As for the "final" non-final version of 19H2? That's weird.
I installed 18363.418 update since I'm in the "insider ring" or whatever you want to call it. After the install, a couple important apps stopped functioning (VMware Workstation fully borked, and Hyper-V isn't able to boot some of my VMs). I found the specific KB to fix it but I can't uninstall it unless I uninstall a whole dependency chain of KBs). Long story short, I rolled back to my last known "good".
You would think that Windows updates would work well and be tested properly on their own hardware, but Surface Book 2 owners got this update very late and then it managed to add yet another service that needs shutting down before the screen can be undocked or moved. Given the time it takes, it is easier to switch off, change screen orientation and then restart than find all the various services that need killed before the red button turns green.
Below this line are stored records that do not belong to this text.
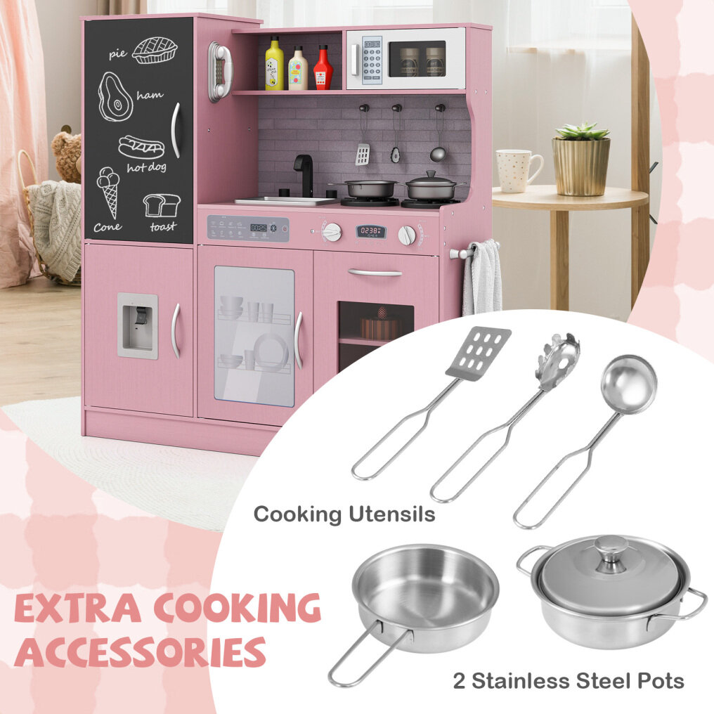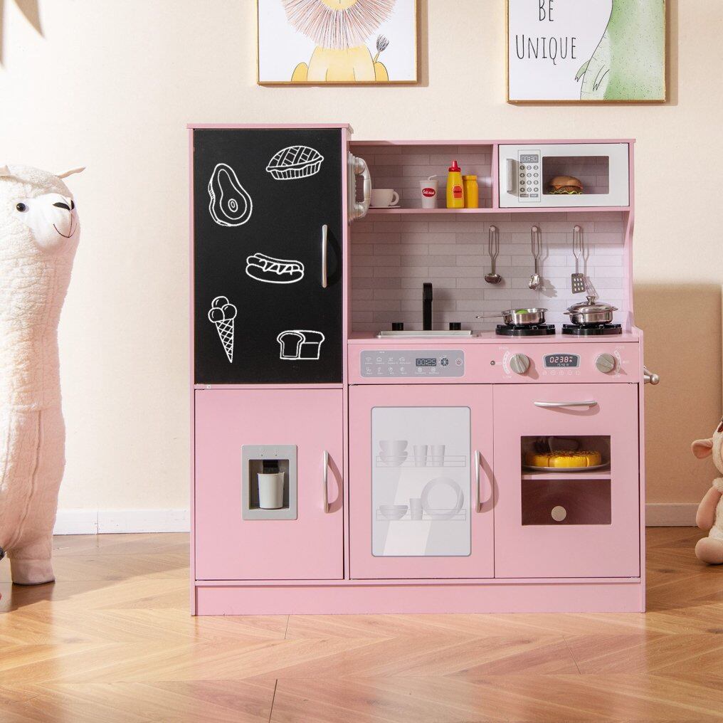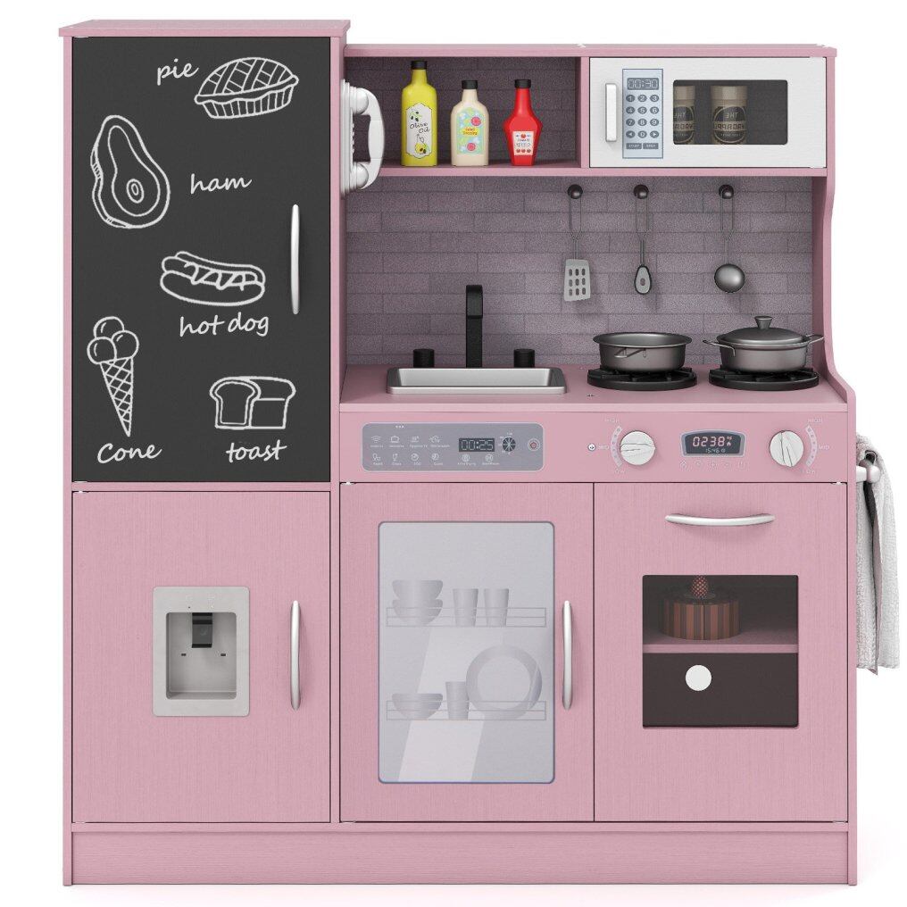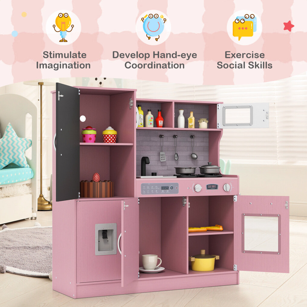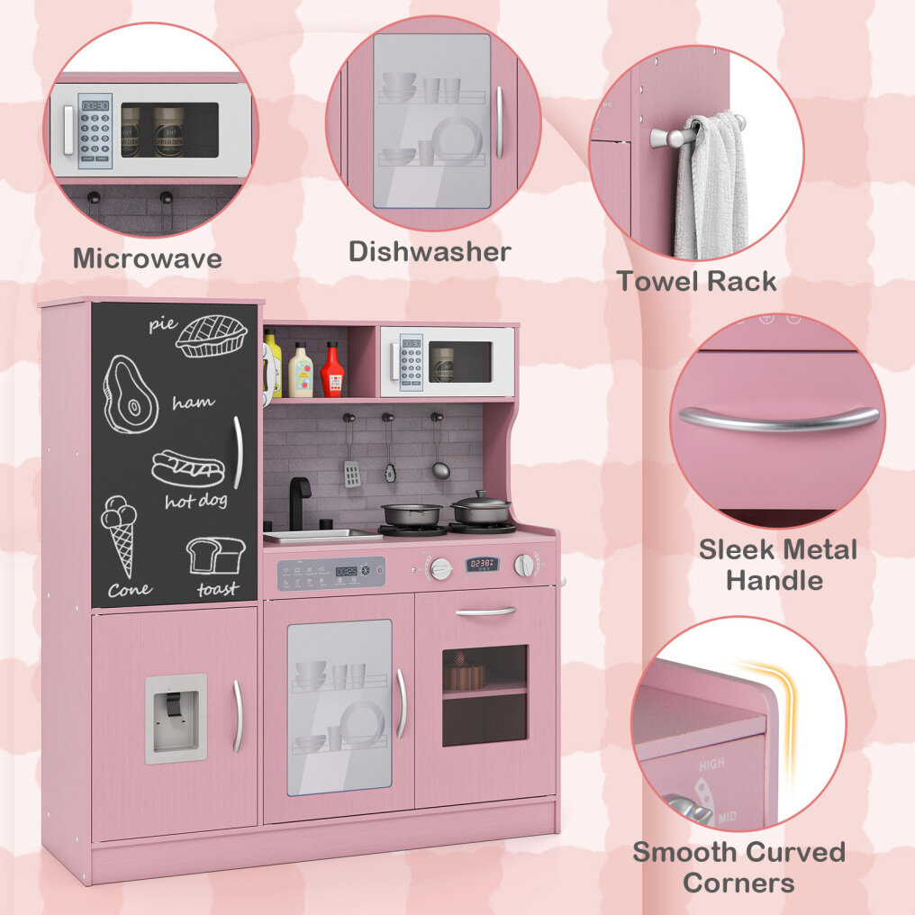 ● Realistic Kitchen Simulation: This play kitchen boasts a complete setup including a dish washable machine, oven, microwave oven, sink with a rotatable faucet, telephone, stove, and water dispenser. Your little chef will feel like a pro with all these interactive features.
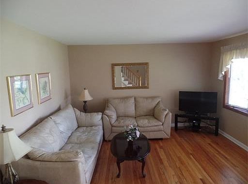 Well maintained & move-in condition! Hardwood floors, freshly painted interior-neutral decor, living rm w/bow window, 2 full renovated bathrooms, large eat-in kitchen with solid wood cabinetry and new floorcovering, finished basement, new front steps & paving stone walkway, custom deck overlooking a serene parklike yard. The finished basement features a large recreation room and there is a spacious laundy/utility area with ample storage. There is central air conditioning and a new hot water heater. The home is heated by gas fuel with a forced hot air heating system. The 200 ft. deep yard is fully fenced and there is a custom storage shed included. All within close proximity to shopping, schools and parks & recreation. Metropark train station to NYC and points South near bye. 4th Bedroom currently being used as a dining room by current owner.
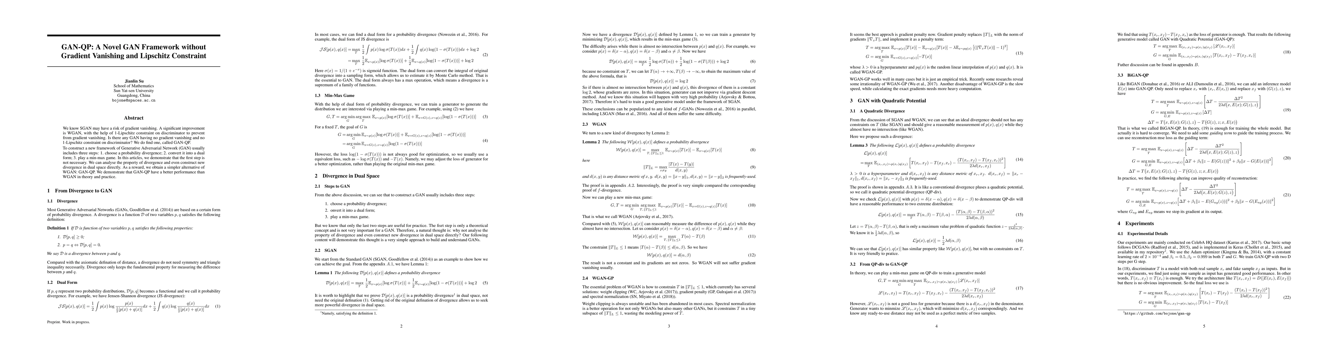 We know SGAN may have a risk of gradient vanishing. A significant improvement is WGAN, with the help of 1-Lipschitz constraint on discriminator to prevent from gradient vanishing. Is there any GAN having no gradient vanishing and no 1-Lipschitz constraint on discriminator? We do find one, called GAN-QP. To construct a new framework of Generative Adversarial Network (GAN) usually includes three steps: 1. choose a probability divergence; 2. convert it into a dual form; 3. play a min-max game. In this articles, we demonstrate that the first step is not necessary. We can analyse the property of divergence and even construct new divergence in dual space directly. As a reward, we obtain a simpler alternative of WGAN: GAN-QP. We demonstrate that GAN-QP have a better performance than WGAN in theory and practice.
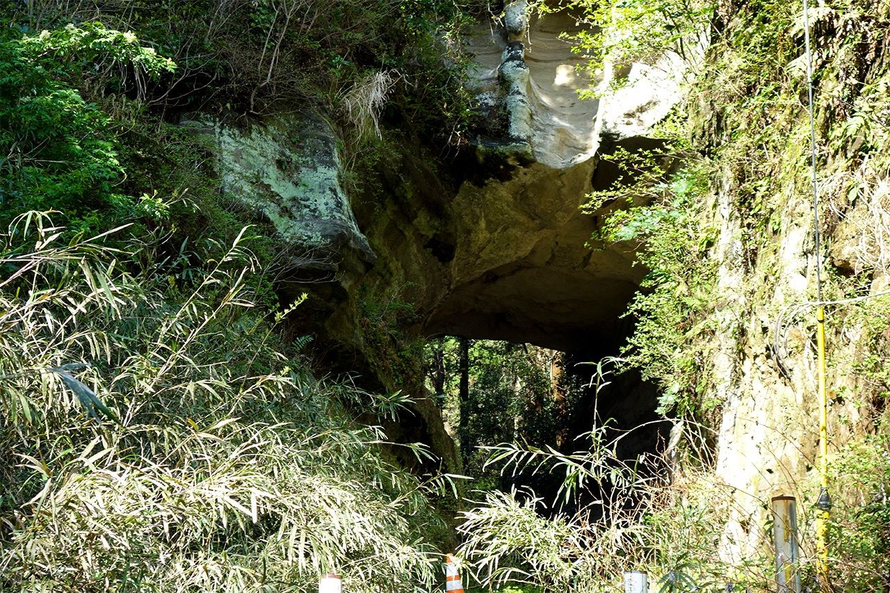 釈迦堂切通し。崩落の恐れがあり、現在は立ち入り禁止(筆者撮影)
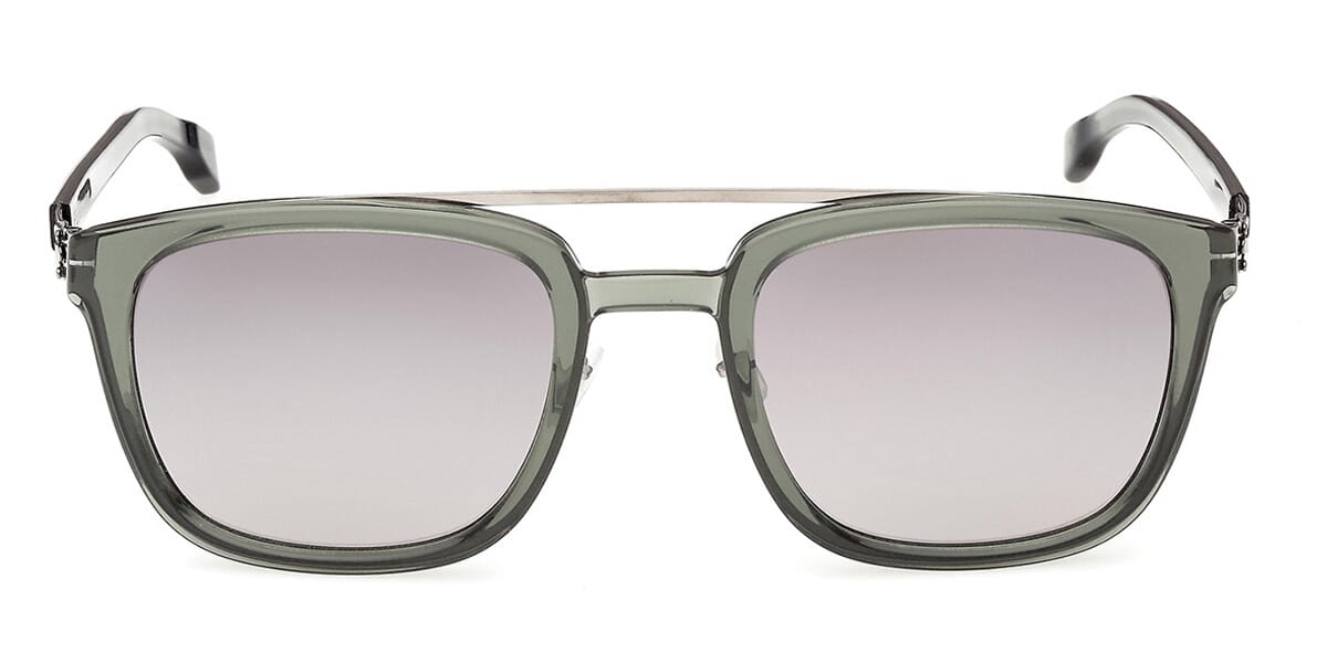 This square ic! berlin sunglass comes in a shiny graphite eucalyptus green frame with smoke gradient lenses.
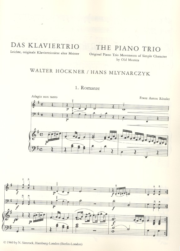Leichte, originale Klaviertrio-Sätze alter Meister
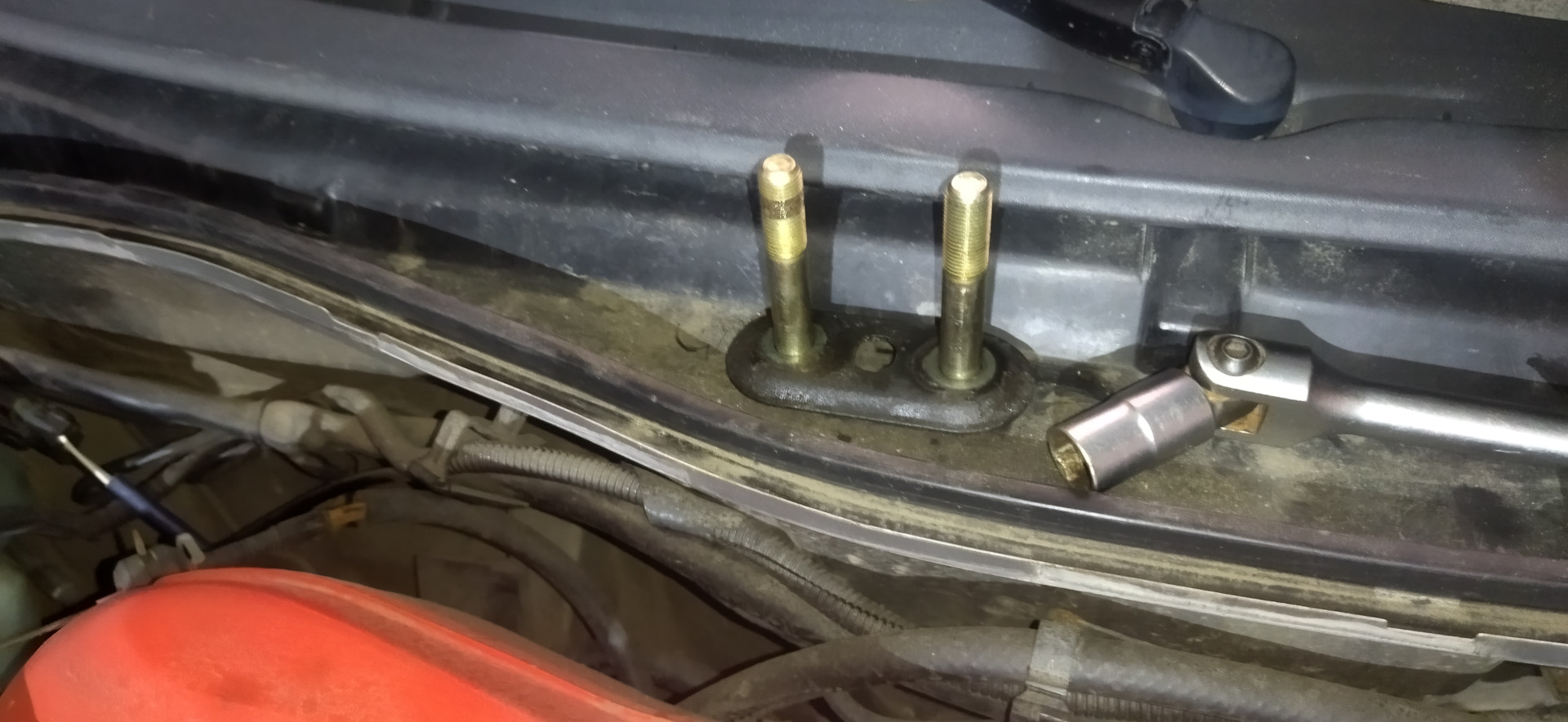 Откручиваем 4 гайки, крепящие рейки к моторному щиту

Of course then it doesn't detect that it is folded back on itself and you cannot use the keyboard and have to try and re-enable the on-screen keyboard, which doesn't work until you select accessibility at which point it tells you audibly that you've chosen to use that. Does anyone at MS actually use their own equipment?
"Person choosing to run Fedora Rawhide encounters difficulties"
I'm on the Fast Ring as I want to be able to use WSL2, I signed up fully knowing I may encounter problems with beta software, and that's fine with me.
Being on the Fast Ring is a choice, and at the time of enabling this users are warned they may encounter instability and will receive frequent OS upgrades, such as this. I'm not sure where the scandal is here.